You may see on other websites the ability for a user to create an account or log in via Google, Facebook, Twitter, etc. This is generally known as a version of OAuth, and the third party being used as the source of information about an account is the "OAuth provider". This is a quick overview of how this concept generally works, to accompany the Reference material about this feature.
In this case, OAuth, put simply, is the feature of leveraging another "app" as a source of information about a user's identity. Instead of your Bubble app containing information about a user's username and password, instead you can "outsource" the logging in to the third party. Popular third parties to use here include Google, Facebook, Twitter, Instagram, and more.
Users generally like this feature because it means they don't need to create another password to remember for your Bubble app. Generally OAuth simplifies things for developers as well, and in Bubble this is no exception.
To activate an OAuth provider in Bubble, you must find and install the Plugin corresponding to that OAuth source.
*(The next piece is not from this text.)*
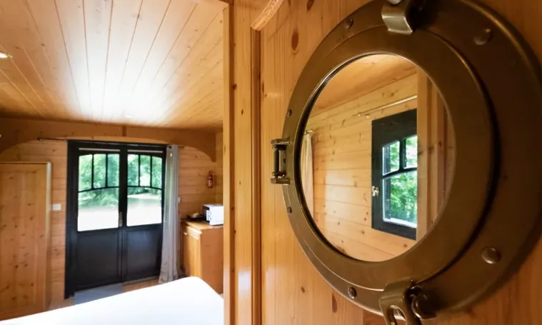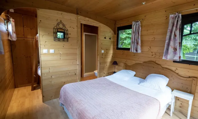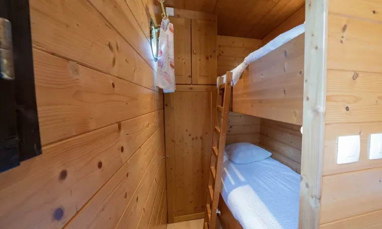 Un intérieur chaleureux composé d'un grand lit double et les deux lits superposés, les deux espaces sont séparés par une cloison pour un maximum d’intimité, une agréable salle d’eau vient compléter l’hébergement. Comme à l’hôtel, un coin thé & café est à disposition. Le chauffage électrique pour des nuits bien au chaud à l’arrière-saison.

In the Plugin gallery, you can filter for "Login Service" to see these options.
Once installed, when using the workflow action "Signup/login with a social network", you should see the OAuth source you just installed in the "OAuth provider" dropdown. A common design is to connect this workflow action to a button on your login page that says "Signup / Login with Google" or whoever the OAuth provider is.
When a user of your app creates an account with an OAuth provider, a new User thing is created in your app's database. Using any OAuth provider will pull in that user's email address, so that is still the definitive way to identify and work with Users in your app.
A special caveat about these Users is that they are created without a password. Users can still set their own password by activating any flow that resets their password (e.g. "Forgot your password?") - the first time a user "resets" their password and follows the instructions, it actually creates a password for that User thing.
It is also possible, though a bit more complex, to do things like associating an OAuth login with an already-existing Bubble User, adding multiple OAuths to a given User, etc. - for help with these more advanced use cases, please refer to the forum.
When you want to use a 3rd party service as an OAuth provider, you generally have to alert them that you will be doing so. This usually involves registering your Bubble app with the OAuth provider in order to obtain an API key(s). These key(s) are generally inputted into the corresponding plugin's setting. The provider's documentation should lay out steps for how to register your app and obtain the right keys.
Note also that some providers require you to provide URLs that you authorize to initiate the OAuth flow, which helps improve the security of the entire login flow. Be careful to register both the development and live versions of your app, if relevant.